If you click that link for the Ontario education system, you'll see that the O.A.C. (aka "grade 13") no longer exists. Students in Ontario now complete high school after the twelfth grade and can go directly to university. Québec is still different from the rest of Canada, with 11 + 2 years required before students can go to university.



wildan1 said:


> bachelier ès arts = B.A.
> 
> This is a specifically Canadian term; in Europe bachelier refers to someone with a high school degree--having only passed the baccalauréat (university entrance) exam.



In Canadian English, we see Bachelor of Arts (or Bachelor of Science or Engineering or Nursing or what have you). In Canadian French, I've seen _bachelier ès arts_, but never heard anyone say it. People generally understand "_arts_" in French as "visual arts" (as opposed to "_lettres_"). I usually just say "Baccalauréat en [name of major]," and am more easily understood. 

A couple of examples:
At l'Université Laval, there is a program entitled as Baccalauréat intégré en littératures et philosophie (B.A.). I imagine the "B.A." stands for "Bachelier ès arts," but it's not specified.
At UQAM, there is a Baccalauréat en études littéraires that leads to a "Bachelier ès arts, B.A."

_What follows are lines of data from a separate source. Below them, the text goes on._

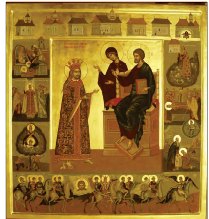
FIGURA 1. Ștefan cel Mare și Sfânt

1914, duminică 26 sept., Sinaia, Castelul Peleş (105 ani) – A decedat Regele Carol I al României (n. 1839). Ultimele zile ale Majestății Sale au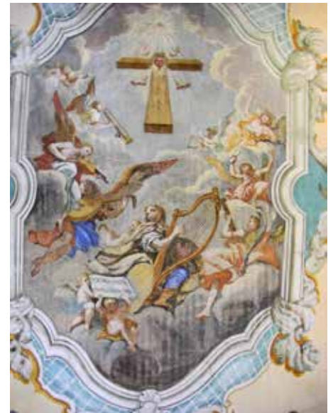
Deckenfresko Tschirland.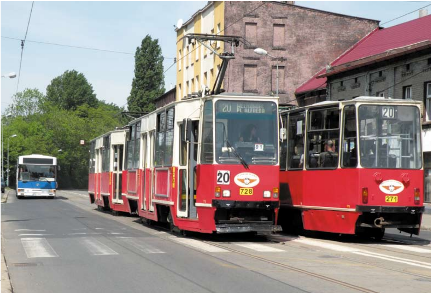
Fot. Wojciech Zawadzki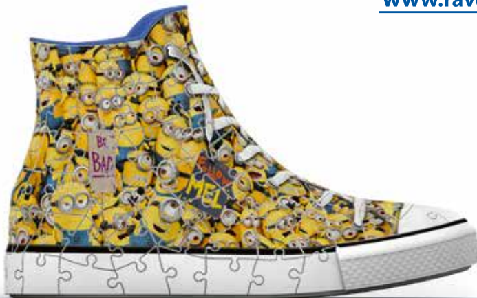
Sneaker - Despicable Me 3 - No. 12 262 3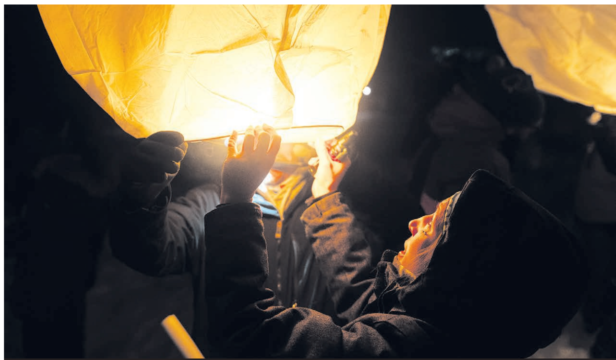
L'envolée des lanternes aura lieu sur le coup de 18h30.

La Municipalité de Rawdon tient à remercier ses précieux partenaires dans la présentation du Grand Frisson 2024.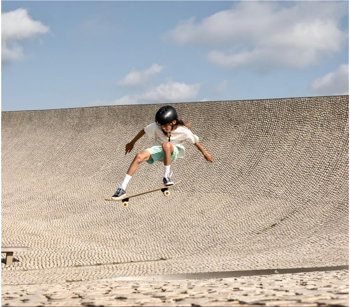
Cité de l'Océan, Biarritz, France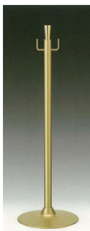
[11] 055900 テープカットボール(小) H80cm・ベースΦ28cm パイプ径Φ3.2cm・3.6kg 1本 ¥21,000 スチール製 出荷単位:1 送料別商品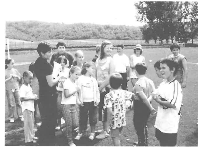
A gyerekek játékra készen

Az idén már a harmadik alkalom, hogy megrendezhettük a Plébániai Játszóházas Napokat, mely azzal a szándékkal jött létre, hogy minél több rimóci hívő fiatal hozzon össze egy pár napra kis közösséget. Az idei Plébániai Játszóházas Napok megszervezése és lebonyolítása sokkal több figyelmet, energiát és nagyobb felelősséget igényelt a szervezőktől, mint eddig. Már a helyszín is eléggé különlegesnek bizonyult, hiszen hogyan jöhet szóba egy Plébániai Játszóház lebonyolításához egy sportöltöző és sportpálya? Azt kell, hogy mondjam jobb lehetőségünk nem volt, hiszen a hunyadi úti iskolát felújítják, ezért nem szervezhettük oda a programot, mint eddig. Ezért új lehetőségek után kellett néznünk. Több helyszín is szóba jött, de mindegyiknél találtunk olyan hiányosságot, ami miatt nem volt alkalmas a tábor lebonyolítására. Az idő egyre jobban sürgett, vagy a sportöltöző, vagy elmarad a tábor. A polgármester úr felajánlásán elgondolkodva döntöttünk a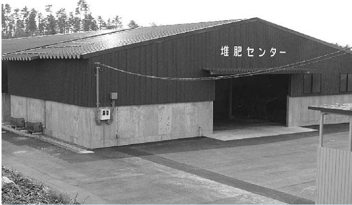
堆肥センター（真野地内）

家畜排泄物の適正な処理による環境保全と、耕畜連携による地力の増進を図る為、昨年末より稼働している。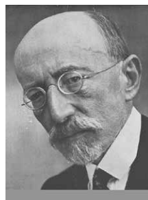
אחד העם (אשר צבי הירש גינצברג).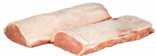
Kalb Karree ausgelöst, tiefgekühlt aus Holland 1 Stk. = ca. 5 kg, 3174448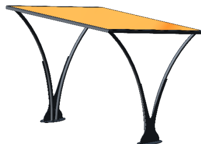
Option toile type Ferrari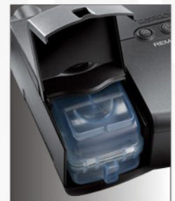
Modelo con Humidificador incluido

Adquiera los Productos de Calidad ReActiv sólo con Nuestros Distribuidores Autorizados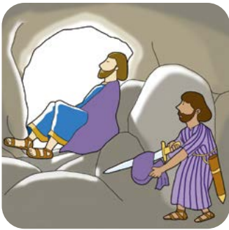
사울이 엔게디 황무지의 굴 속으로 들어왔을 때

사울이 군사를 이끌고 다윗을 죽이려고 왔을 때 다윗은 어떻게 했는지 대답해 보세요.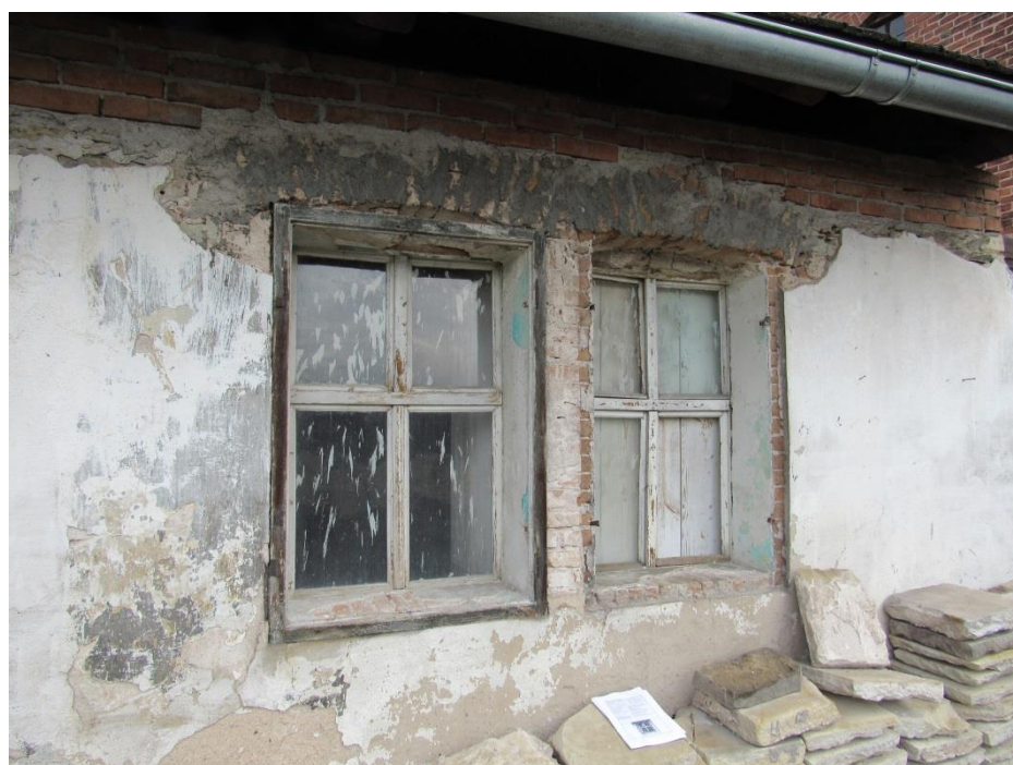
Celkový pohled na okna F17 a F17b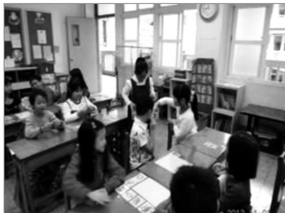
2. 小客人們抽籤決定要拜訪的小主人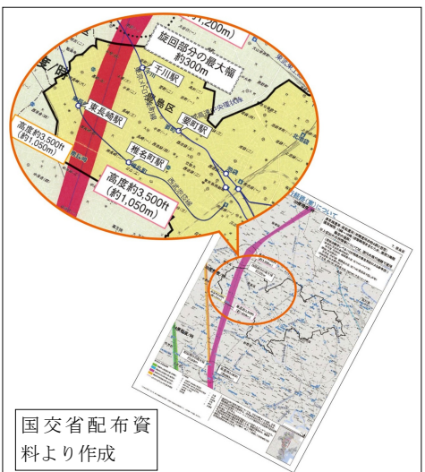
国交省配布資料より作成

高密度都市にある東京都心・豊島区上空を低空で飛行するルートを考えること自体ありえないもので、区民の理解なしにルートを容認することはできないものではありません。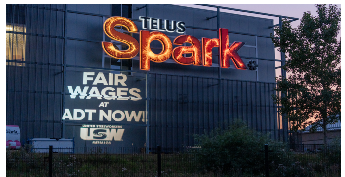
Le "bat-light" du Syndicat des Métallos projetant un message clair "Des salaires équitables chez ADT maintenant" sur le bâtiment du Telus Spark Science Centre et sur le Scotiabank Saddledome.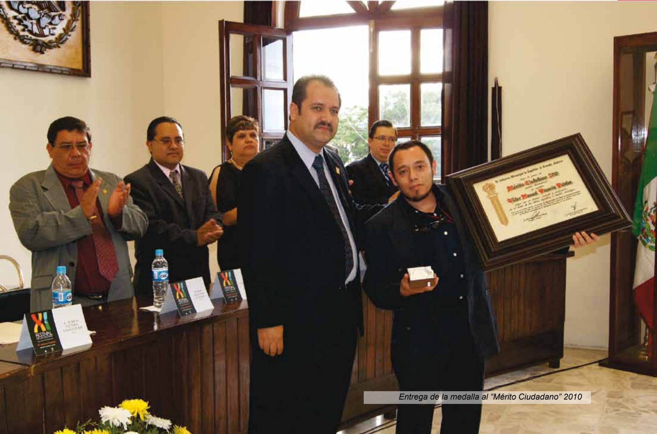
Entrega de la medalla al "Mérito Ciudadano" 2010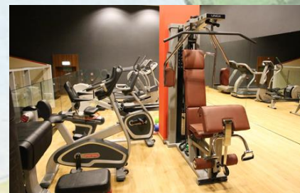
Sala fitness | siłownia | squash

Rekomendujemy wcześniejszą rezerwację zabiegów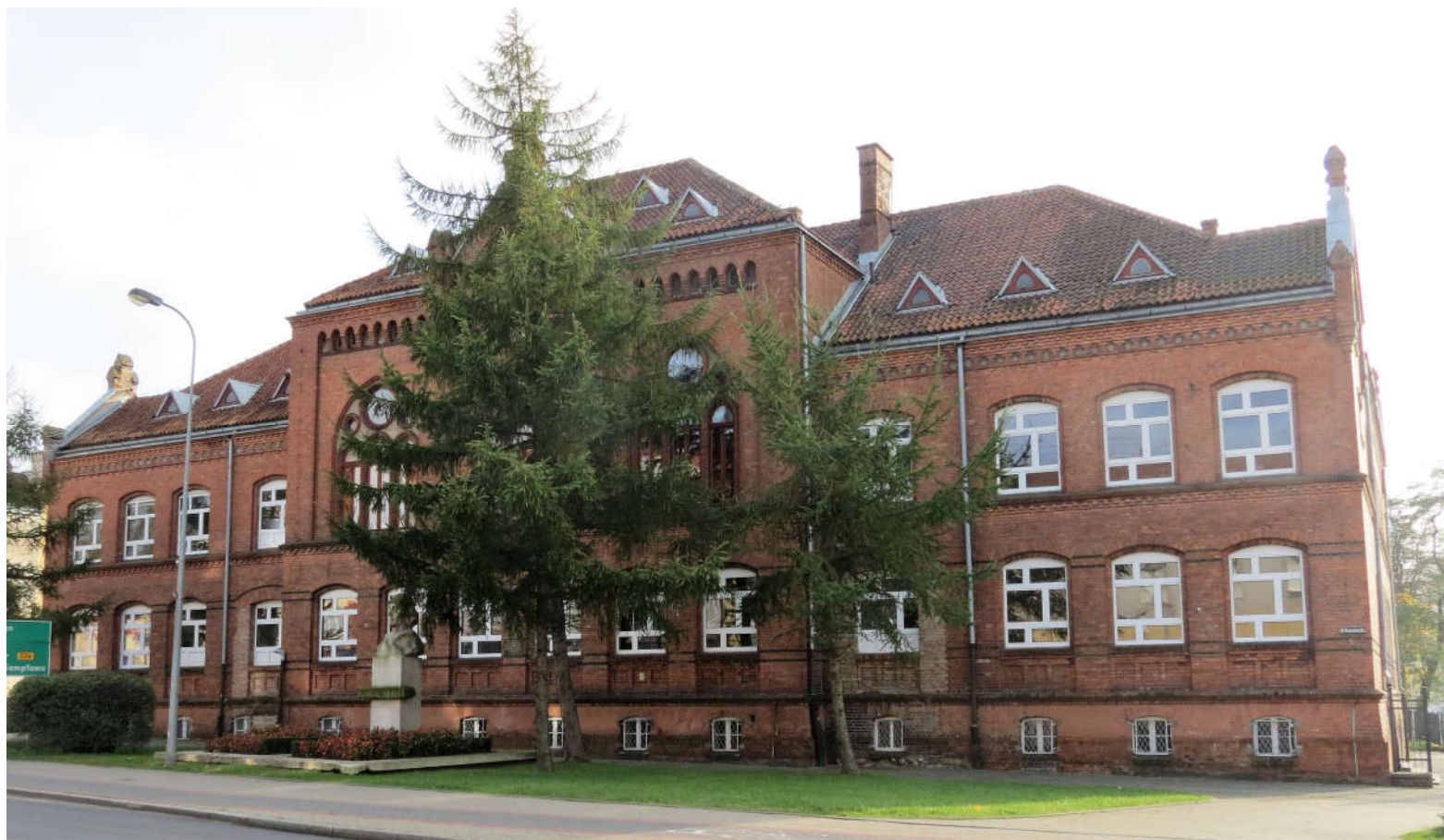
Widok ściany frontowej i szczytowej z N na S

8. Fotografia z opisem wskazującym orientację: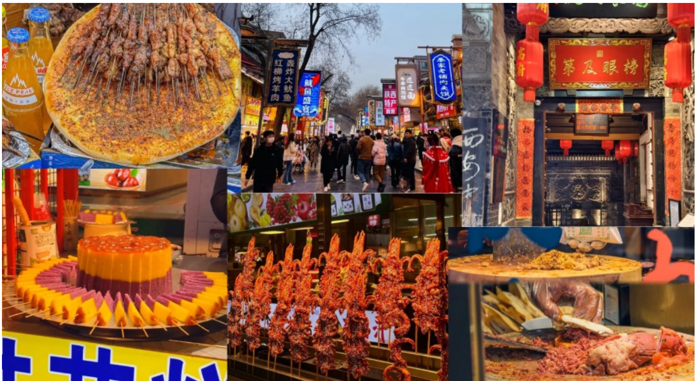
กลางวัน รับประทานอาหารกลางวัน ณ ภัตตาคาร (มื้อที่ 2)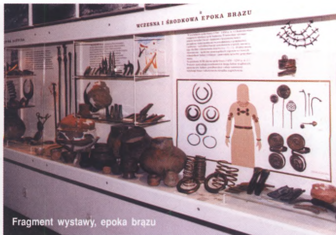
Fragment wystawy, epoka brązu

bóstwom darów wotywnych, przede wszystkim w wodzie. Odkrywane skarby przedmiotów brązowych i żelaznych (ozdoby, uzbrojenie, części rzędu końskiego) mogą być też śladem tezauryzacji dóbr materialnych i objawem postępującego zróżnicowania majątkowego ludności. Na liczne takie skarby natrafiono na Pomorzu; na wystawie prezentowane są znaleziska z miejscowości Jelenie, Kazimierz Pomorski, Koszalin-Rokosowo, Korlino, Kościernica, Żydowo.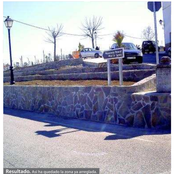
Resultado. Así ha quedado la zona ya arreglada.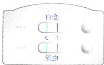
白色念珠菌/阴道毛滴虫抗原二联检测试剂盒卡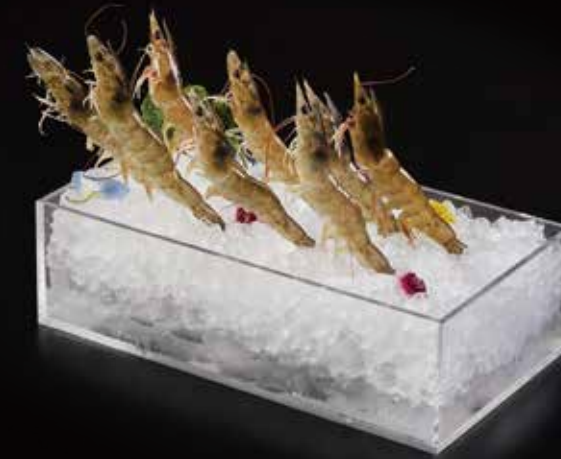
基围虾 Shrimp Ji Wei (100g) ヨシ海老 RMB 68 元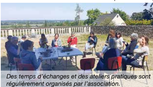
Des temps d'échanges et des ateliers pratiques sont régulièrement organisés par l'association.

et une page Facebook : L'Atelier citoyen 49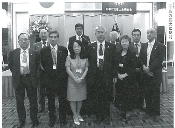
北海道会役員一同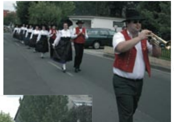
Arts et loisirs, et Kaffeebich dans le défilé.

Bien que les festivités d'anniversaire avaient déjà officiellement débuté le 19 juin, le 1 er juillet constitua tout de même le summum de la fête. Ce jour, on observa un cortège de 60 so-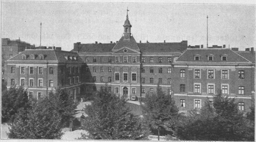
Abb. 582. Daniel-Schutte-Stift an der Alfredstraße, Ansicht. Architekten Martin Haller und Hermann Geißler.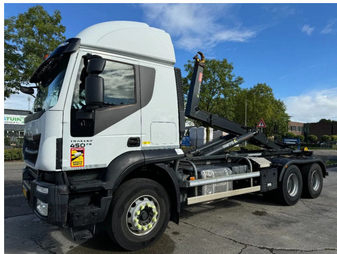
Iveco Stralis 450 6X2 - EURO 6 + MARREL HOOK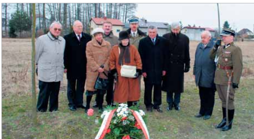
Uczciliśmy Ofiary Wołynia w 70. rocznicę tragedii

dowodzi dzisiejsza uroczystość, mieszkańcy i władze gminy kultywują. Dziękuję za to w imieniu tysięcy Ofiar i ich rodzin, w imieniu zgłodzonej ludności wschodnich terenów Rzeczypospolitej. Trzecie ludobójstwo na Polakach dokonane w czasie II Wojny Światowej, trzecie po niemieckim i sowieckim nie może być zapomniane.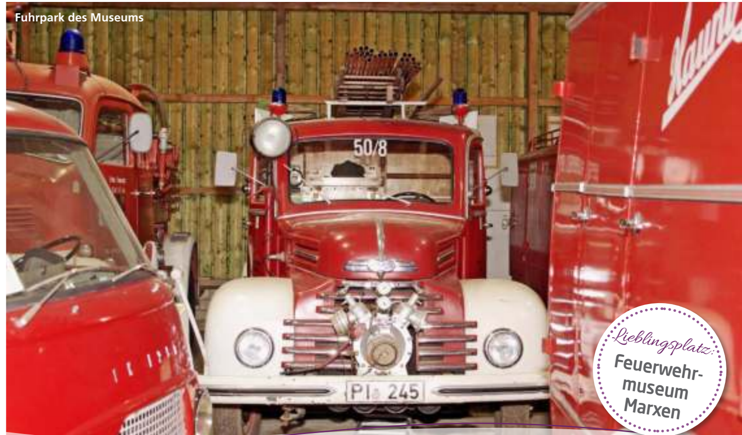
Fuhrpark des Museums

Lieblingsplatz: Feuerwehr- museum Marxen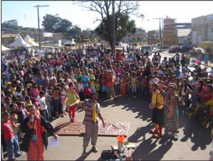
Atrações culturais descontraíram os presentes durante o dia na avenida Governador Bias Fortes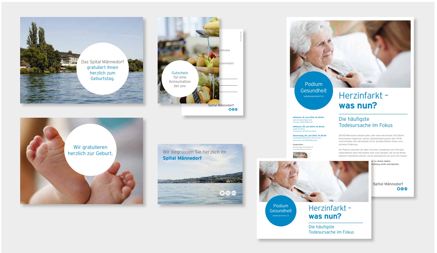
Auswahl an Kommunikationsmitteln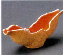
074-16-6F3 2,100円 2265078017 変り舟型辰砂小鉢 (17×5.5×6H)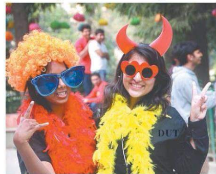
वार्षिकोत्सव 'वाइब्रेशन' में कुछ इस अंदाज में नजर आई छात्राएं।

वार्षिक फेस्ट के पहले दिन ही वरुण धवन के पहुंचने से छात्रों की मस्ती दोगुनी हो गई। वरुण ने अपने डांस से छात्रों को झूमने पर मजबूर कर दिया। फेस्ट की शुरुआत वेदास बैंड की परफॉर्मेंस से हुई। वहीं दूसरी ओर रंगोली, सोलो डांस, नेल आर्ट, फैशन शो व बैटल ऑफ बैंड्स प्रतियोगिताएं हुईं। बुधवार को अन्य प्रतियोगिताएं के साथ ही बॉलीवुड के गानों का तड़का भी लगेगा। बुधवार को क्वीन फिल्म के गाने लंदन दुमकदा की गायिका नेहा कक्कड़ अपनी आवाज से सबको मदहोश करने के लिए पहुंच रही हैं।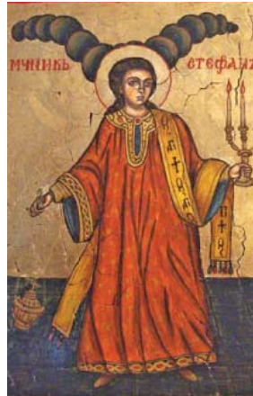
Der Heilige Stephan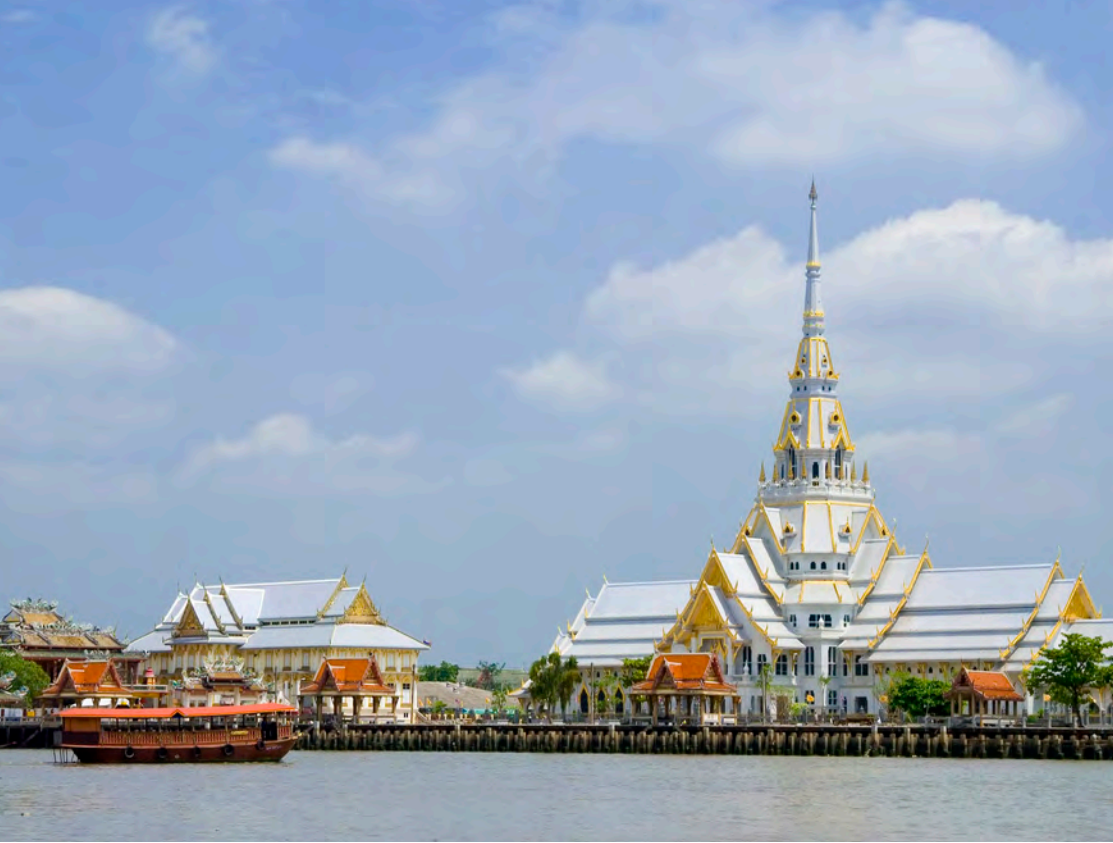
ล่องเรือชมลำน้ำบางปะกง

ตั้งตระหง่านบนยอดเขา มีจุดชมวิวทิวทัศน์ได้ในมุมกว้าง นอกจากนี้ยังมีมณฑปเก่าแก่ที่ได้รับการบูรณะแล้ว สันนิษฐานว่าเป็นอนุสรณ์สถานที่พักกองทัพของสมเด็จพระเจ้าตากสินมหาราช รวมไปถึงถ้ำโบราณที่ชาวบ้านเชื่อว่าเป็นถ้ำศักดิ์สิทธิ์ ติดต่อบริเวณ โทร. ๐๘ ๑๘๖๑ ๙๖๑๑

As far as I know, _Bachelier ès arts_ appears on the diploma, but _Baccalauréat en [Matière]_ is used virtually everywhere else.


----------



## wildan1

Whether speaking about the terms as understood in France or in Quebec, isn't _un bachelier_ simply someone who earns_ un baccalauréat_?


----------



## toban

keumar83 said:


> Le terme équivalent serait "_baccalauréat_" mais attention : aux Etats-Unis et au Canada, à l'exception du Québec, le _bachelor's degree_ correspond à 4 ans d'études postsecondaires (en France, ancienne _maîtrise_) alors qu'au Québec, comme dans le système français (_licence_), ça correspond à 3 ans. Donc il faudrait mettre "baccalauréat en 4 ans" (en précisant _bachelor's honours degree_ pour que ce soit plus clair sans doute).



In English Canada as well as in Québec, there are three-year *and* four-year bachelor's / _baccalauréat_ programs.


----------



## balaam

wildan1 said:


> Whether speaking about the terms as understood in France or in Quebec, isn't _un bachelier_ simply someone who earns_ un baccalauréat_?



indeed. but the definition of a baccalauréat changed some years ago with the european compliance.

now, it mean "higher education, short lenght".
most frenchmen still believe it means "last year of high school".


----------